Use a single string to print the following text:
He's a very
hardworking student.

Solution

text = '''He's a very   
hardworking student.'''

print(text)

Escaping characters#

An escape character is a backslash \ followed by a character. It is used to write special characters in a string.

  • \' : Single quote (apostroph)

  • \" : Double quote

  • \n : New line

  • \t : Tabulation

  • \b : Backspace

  • \\ : Backslash

  • \r : Carriage return

# \' is the character '
print('Mary\'s book.')
Mary's book.
# \" is the character "
print("Mary said \"I am here\".")
Mary said "I am here".
# \n is a new line
print('John\nSteinbeck')
John
Steinbeck
  • In the following code, ‘\t’ inserts 4 spaces because after ‘John’, there are 4 more spaces until the next tab stop, which occurs at the 8th character.

# \t is a tab 
print('John\tSteinbeck')
print('John'+' '*4+'Steinbeck')
John	Steinbeck
John    Steinbeck
  • In the following code, ‘\t’ inserts 7 spaces because ‘Steinbeck’ has 9 characters and there are 7 more spaces until the next tab stop, which occurs at the 16th character.

print('Steinbeck\tJohn')
print('Steinbeck'+' '*7+'John')
Steinbeck	John
Steinbeck       John
  • \b (backspace) moves one character back, deleting the preceding character.

print('John\b Steinbeck')
  • Output: Joh Steinbeck

  • \b\b (two backspaces) moves two characters back, deleting the preceding two characters.

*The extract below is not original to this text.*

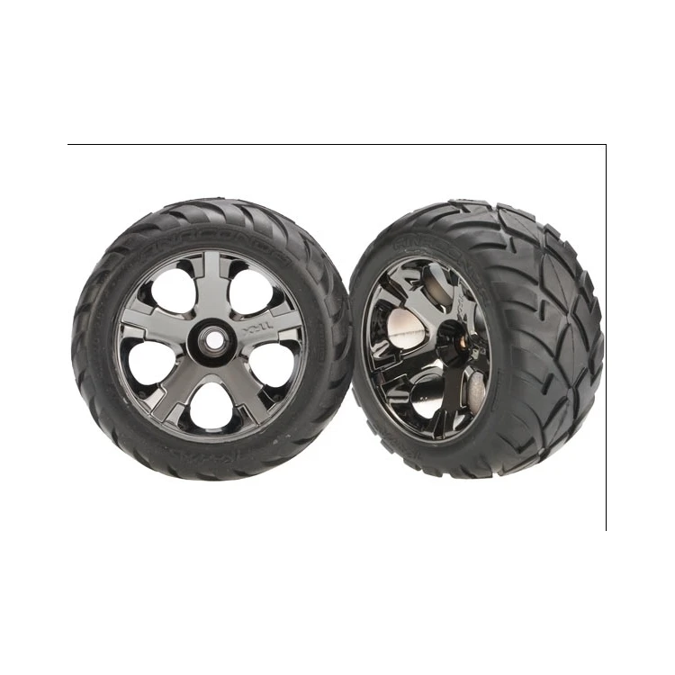 Traxxas Anaconda Tyres Pre-Glued On Black Chrome Nitro Front Wheels (2)
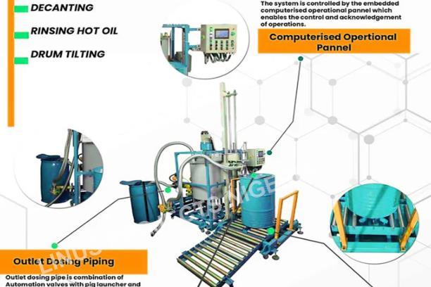 Drum Decanting Unit can be used for emptying a defined value of additives without any cross contamination into the production process of lubricants. The product has various operational features such as decanting operation, Rinsing operation, drum tilting, heating, etc. The high-performance DDU brings the expensive additive into the production process without neither product loss, waste oil onset, and high-precision dosing by weighing technology. The unit is easy to handle, satisfies the highest safety standards, and runs in clean and completely closed conditions.

print('John\b\b Steinbeck')
  • Output: Jo Steinbeck

# \\ is the \ (backslash) character
print('John\\ Steinbeck')
John\ Steinbeck

Quick Check!

Find the output of the following code:

print('abc\ndef\b\bgh')

Solution

abc
dgh

Raw Strings#

Each character in a raw string has no special meaning; they are just characters.

  • It is created using r in front of the string: r'text'

  • In the example below, \t,\n,\',\" have no special meanings; they are just characters \, t, n,',"

# \t means two characters, \ and t. 
# \t does not mean a tab in a raw string

text = r'Good \t bye.'
print(text)
Good \t bye.
text = r'Hello.\t my name\n is Tom. I am\' from\" England.'
print(text)
Hello.\t my name\n is Tom. I am\' from\" England.

f-strings#

It is a great way to combine constants and variable values.

  • It is in the form of: f'text {variable} text'

  • Variables are enclosed in curly brackets {variable} called placeholders.

  • An f-string generates a new string.

  • You can also perform rounding or algebraic operations within curly brackets.

  • It is much easier to use f-strings than comma-separated values in a print() function.

name = 'Tom'
country = 'Spain'
age = 25
weight = 173.6294
  • You can compare the next two cells below to see the advantage of using f-strings.

# using an f-string
print(f'My name is {name}.')
My name is Tom.
# using comma separated values
print('My name is ', name, '.', sep='')
My name is Tom.
# using an f-string
text = f'My name is {name}.'   # text is a string
print(text)
My name is Tom.
# multiple placholders
print(f'My name is {name} and I am from {country}. I am {age} years old.')
My name is Tom and I am from Spain. I am 25 years old.
  • Algebraic operations can be performed inside curly brackets

 print(f'I will be {age+1} years old next year.')
I will be 26 years old next year.
  • Rounding can be performed inside curly brackets

# round() function

print(f'My weight is {weight}.')
print(f'My rounded weight is {round(weight,2)}.')
My weight is 173.6294.
My rounded weight is 173.63.
# rounding by a different way

print(f'My weight is {weight}.')
print(f'My rounded weight is {weight:.2f}.') # 2 means second decimal place (hundredth), f means float
My weight is 173.6294.
My rounded weight is 173.63.

Quick Check!

Find the output of the following code:

percentage, order, country = 0.25, 5, 'France'
print(f'{percentage}, order, {country}')

Solution

0.25, order, France

Unicode Characters#

These are symbols, accented letters, non-Latin characters, and emojis—kind of different characters.

  • You can find the list of Unicode characters on the official website of Unicodes.

  • Each Unicode character has a code that is unique to it.

    • You can search for a specific Unicode code from the Unicode character charts.

    • If the code has four characters, use

      • \uXXXX where XXXX is the code.

    • If a code has four characters or more, pad it with 0 from the left to make the length of the code eight and use:

      • \Uxxxxxxxx where xxxxxxxx is the 0-padded code.

Example: If the Unicode is 1F639, three zeros are added to the left.

print('\U0001F639')
😹

Example: If the Unicode is 1F602, three zeros are added to the left.

print('\U0001F602')
😂

Example: If the Unicode is 2764, no padding is necessary.

print('\u2764')

Example: Padding can also be applied if the Unicode is 2764.

print('\U00002764')

Operations on strings#

Concatenation#

The + operator is used to concatenate two strings.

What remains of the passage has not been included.